Это – Сашка, наборщик, забавный мой товарищ, парень лет девятнадцати, рыжий, вихрастый, с зелеными глазами ящерицы и лицом, испачканным свинцовой пылью.
– Айда гулять! – кричит он, стаскивая меня с постели.– Кутнем сегодня, у меня – деньги, шесть двадцать, и – Степаха именинница! Где у тебя мыло?
Он идет в угол, к рукомойнику, ожесточенно моется, фыркает и, не умолкая, говорит:
– Слушай,– звезда – по-немецки – астра?
– Это, кажется, по-гречески.
– По-гречески? У нас, в газете, новая корректорша стихи печатает, подписывается – Астра. Фамилия у ней – Трушеникова, а зовут – Авдотья Васильевна. Хорошая дамочка,– красивая, только – очень толстая... Дай-ка гребенку...
Раздирая гребнем густую рыжую паклю на голове, он морщится, ругается и неожиданно, на полуслове, умолкает, внимательно рассматривая отражение своего лица в мутном стекле окна.
За окном, на кирпичной стене, мокрой от ночного дождя, играет солнце, красит стену. На воронке водосточной трубы сидит галка, чистит перья.
– Рожа у меня плохо выдумана,– говорит Сашка.– Гляди, какая галка нарядная! Дай-ка мне иглу с ниткой, я пуговицу пришью...
Он вертится, точно обожженный, так вертится, что ветер ходит, сдувая клочья бумаги со стола.
Потом, стоя у окна и неумело работая иглой,– спрашивает:
– Был такой король – Лодырь?
– Лотарь. Зачем он тебе?
– Смешно! Я думал – Лодырь, от него и пошли все лодыри! Сначала пойдем в трактир, чаю напьемся, потом – к поздней обедне в монастырь, на монахинек поглядим – люблю монахинек! А – переспектива – это что?

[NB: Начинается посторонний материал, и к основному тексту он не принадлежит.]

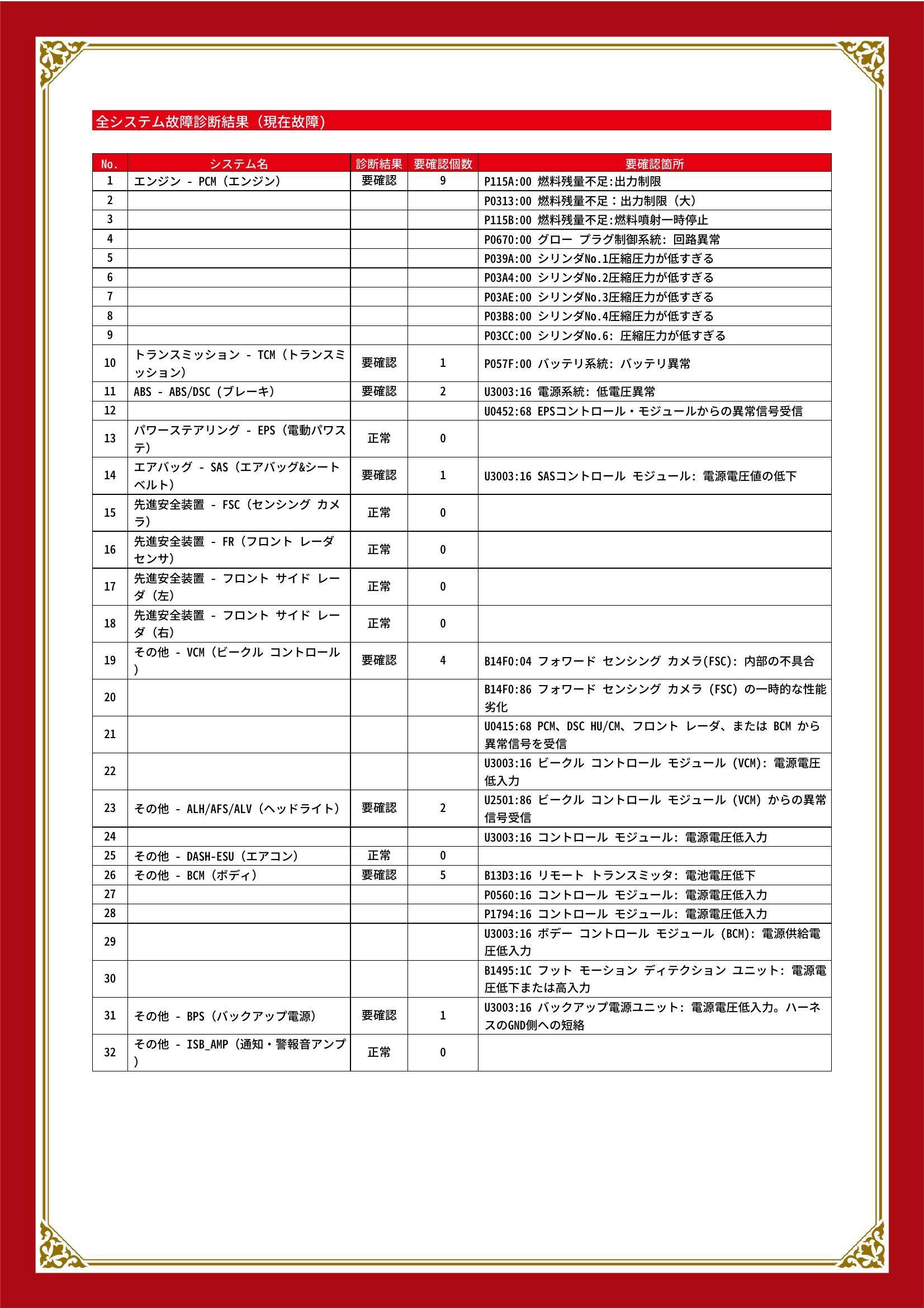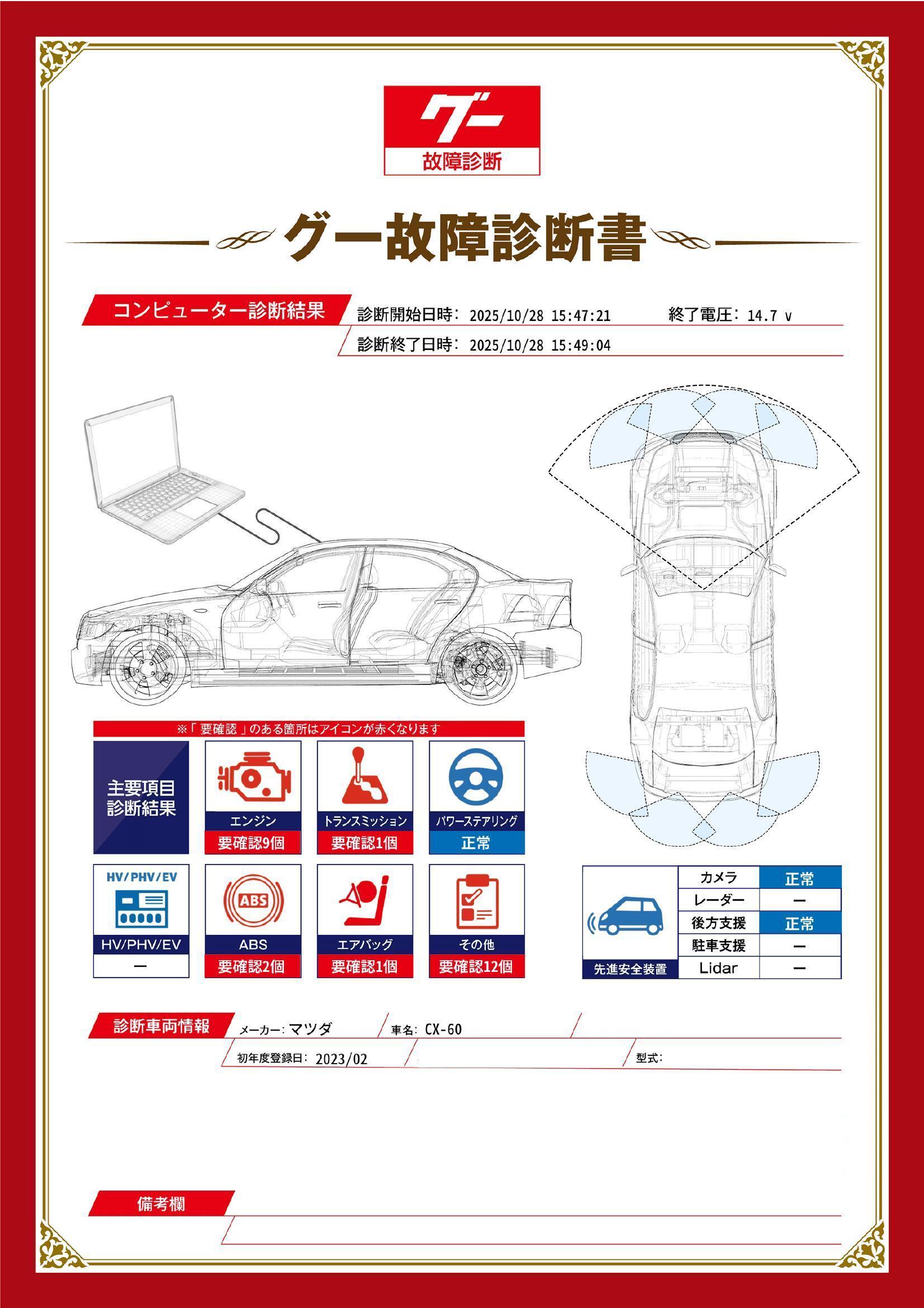 | 保証項目 | 3ヶ月・3000km以内ならエンジン、トランスミッション、ハイブリッド、ステアリング、ブレーキの各機構における主要項目を無償修理(または交換)いたします。 |
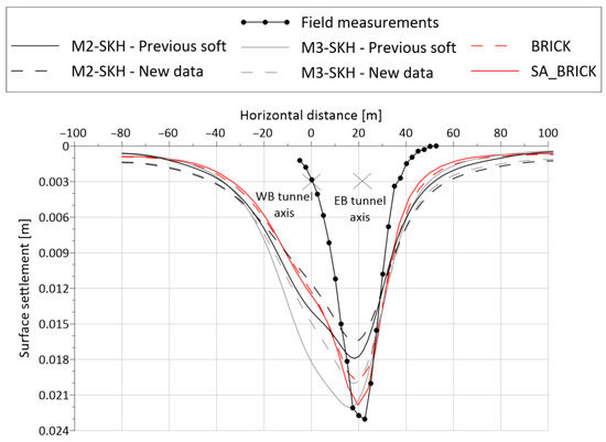 In comparison to the west tube analyses, a better accuracy of prediction could be attributed to the fact that volume loss for the excavation of the east tube was lower so that the total magnitude of displacement of 24 mm is in very good agreement. The analyses also predicted the impact of the ground disturbance initiated by the excavation of the west tube well, which is seen in the asymmetry of the trough. As observed by Standing and Burland [27], a volume loss of 2.4% might be taken as a plausible estimate for the initially undisturbed ground for the construction of the east tube. This is much closer to the expected quantities of volume loss in London clay [58], so the numerical analyses were within the range of expected ground behaviour and gave better predictions.

Он набит вопросами, как погремушка горохом. Объясняю ему, что такое перспектива, и он, не дослушав, рассказывает:
– Ночью в типографию ввалился этот – фельетонист,– Красное Домино, конечно – пьяненький, как баба, и – пристал ко мне: какие у тебя переспективы?

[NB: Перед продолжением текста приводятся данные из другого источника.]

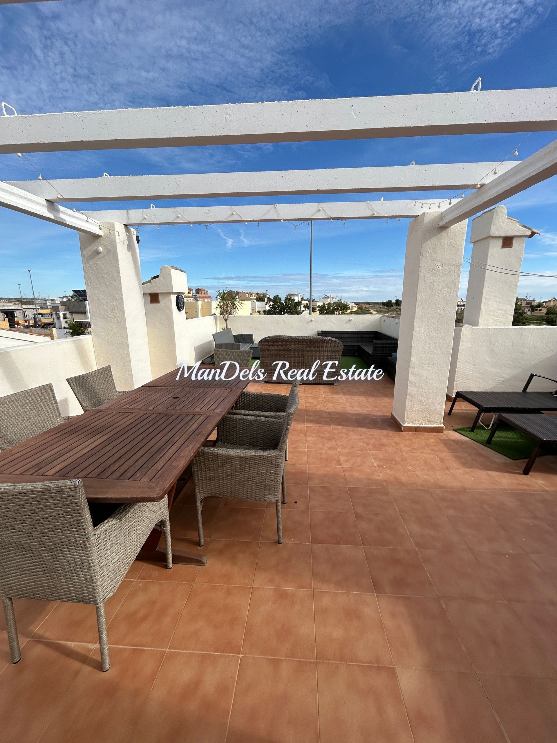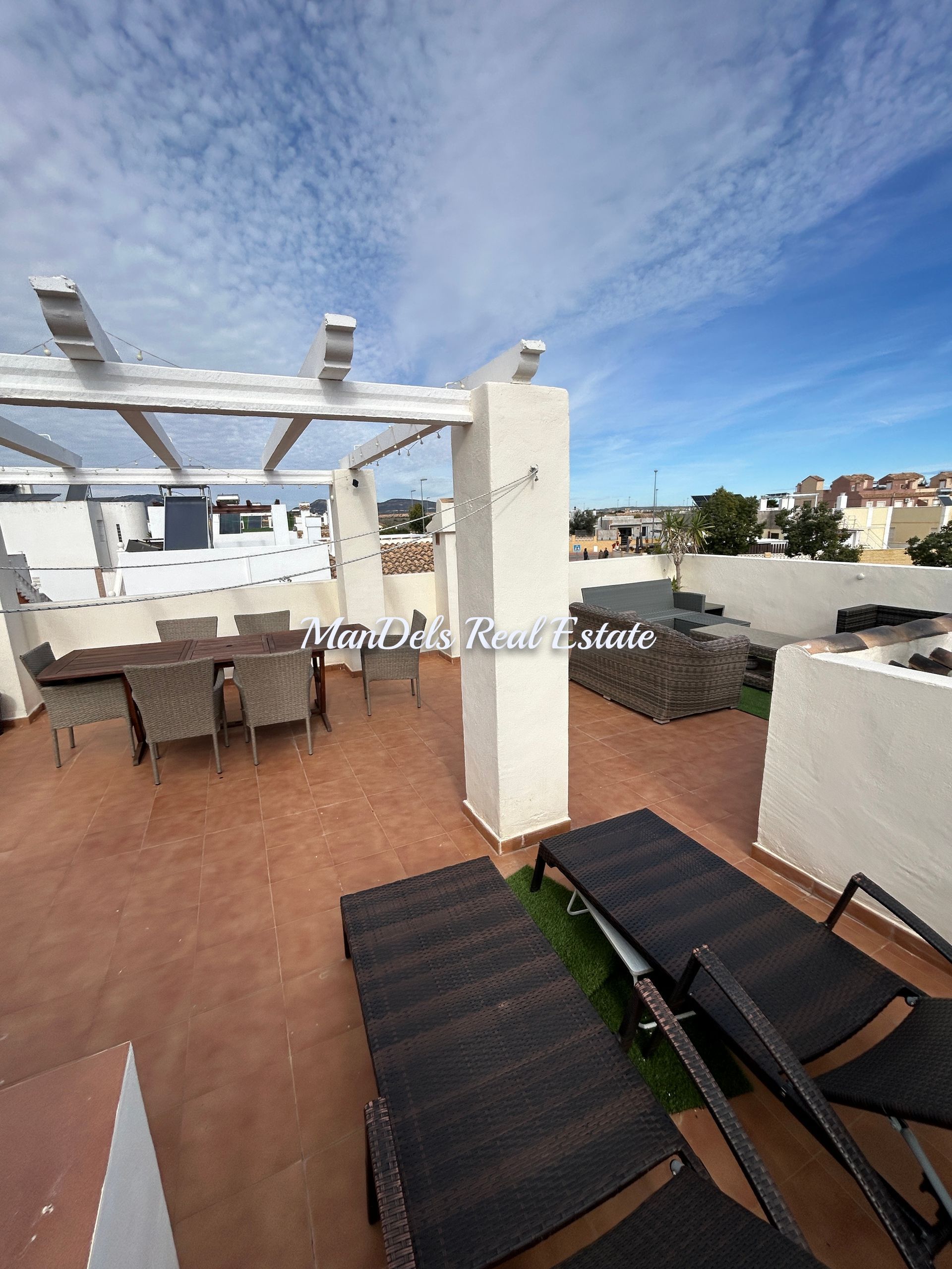 The very large solarium is in great condition and provides plenty of space for seating to enjoy the stunning views of the mountains and the Mar Menor.

Пришив к пиджаку пуговицу выше, чем следовало, он перекусывает нитку белыми зубами, облизывает красные пухлые губы и жалобно бормочет:
– Лизочка верно говорит,– надобно читать книжки, а то – так и умрешь мужиком, ничего не зная. А – когда читать? Вот и некогда!
– Ты поменьше бегай за девицами...
– Али я – мертвый? Не старик же я! Погоди,– женюсь – перестану!

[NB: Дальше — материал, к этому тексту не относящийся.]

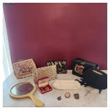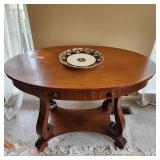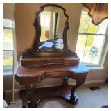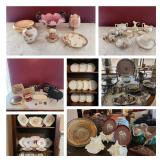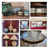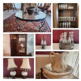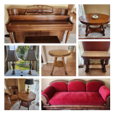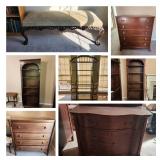 This estate features furniture from Skandia, Penns House and Drexel. Curved curio cabinet, tables, baker's rack, vintage chairs, bookcases, mirrors. Assorted glassware, milkglass lamps, Wedgwood, Limoge, and even some baseball cards. Enjoy!
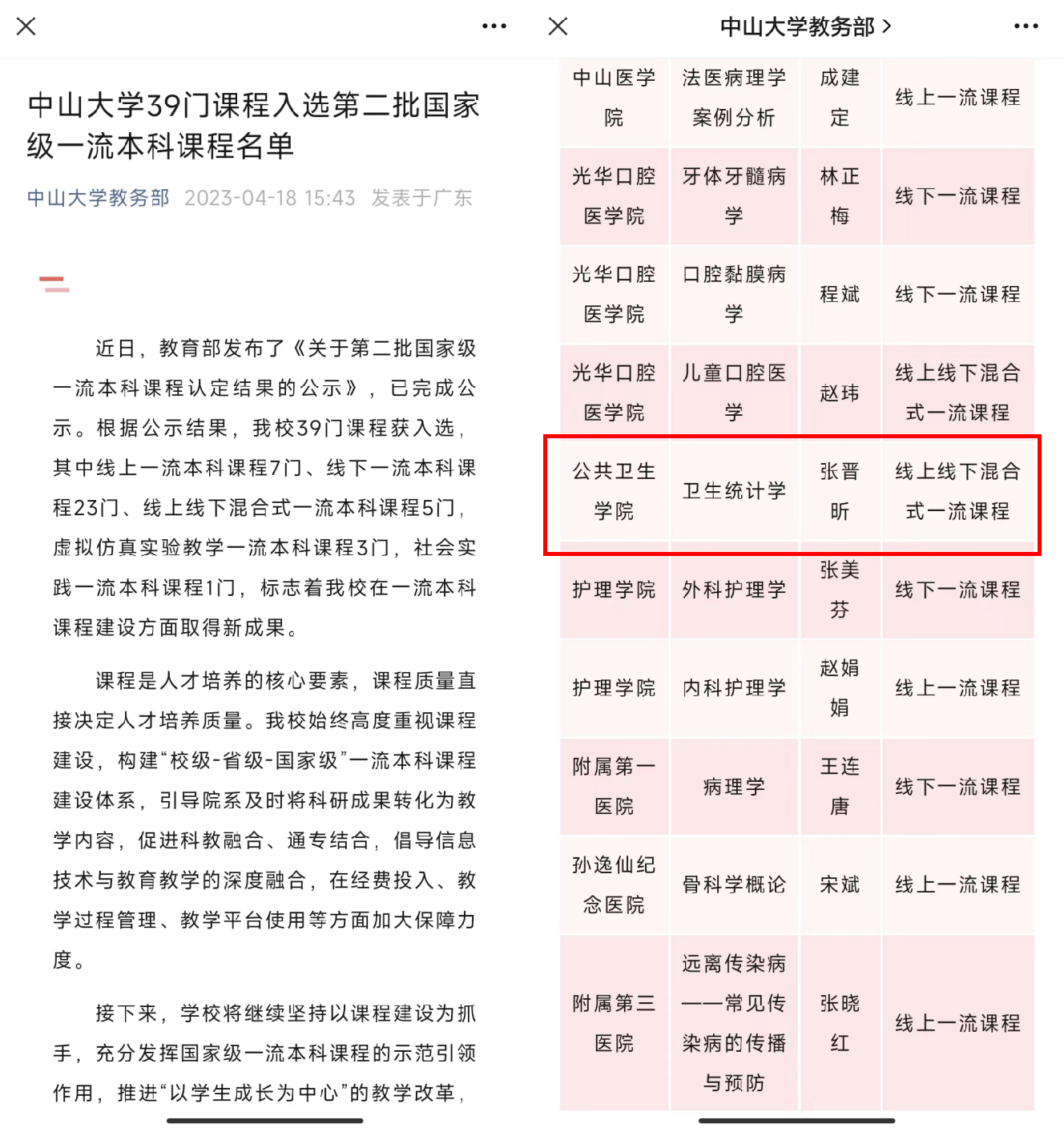 喜报 | 我院《卫生统计学》入选第二批国家级一流本科课程

И, потягиваясь, он сладко мечтает:
– Женюсь на Лизочке. Эх, и модница же! У нее, брат, платье есть эдакое – барежевое, что ли,– ух! До того она хороша в нем, что у меня даже ноги трясутся. Так бы всю и съел!
Играя роль солидного человека, я замечаю:
– Смотри, тебя не съели бы!
Он самонадеянно ухмыляется, встряхнув кудрями.
– Намедни у нас в газете студенты спорили: один говорит – любовь дело опасное, а другой – нет, безопасное! Ловкачи! Девицы студентов любят, всё равно как военных.
Выходим на улицу,– булыжники мостовой, омытые дождем, блестят, как черепа лысых чиновников. Небо загромождено клочьями снежно-белых облаков, среди облачных сугробов гуляет солнце. Крепкий осенний ветер гонит людей по улице, точно увядшие листья, толкает нас, свистит в ушах. Сашка ежится, засунув руки глубоко в карманы промасленных штанов, на нем легкий летний пиджачок, синяя рубаха, истоптанные рыжие сапоги.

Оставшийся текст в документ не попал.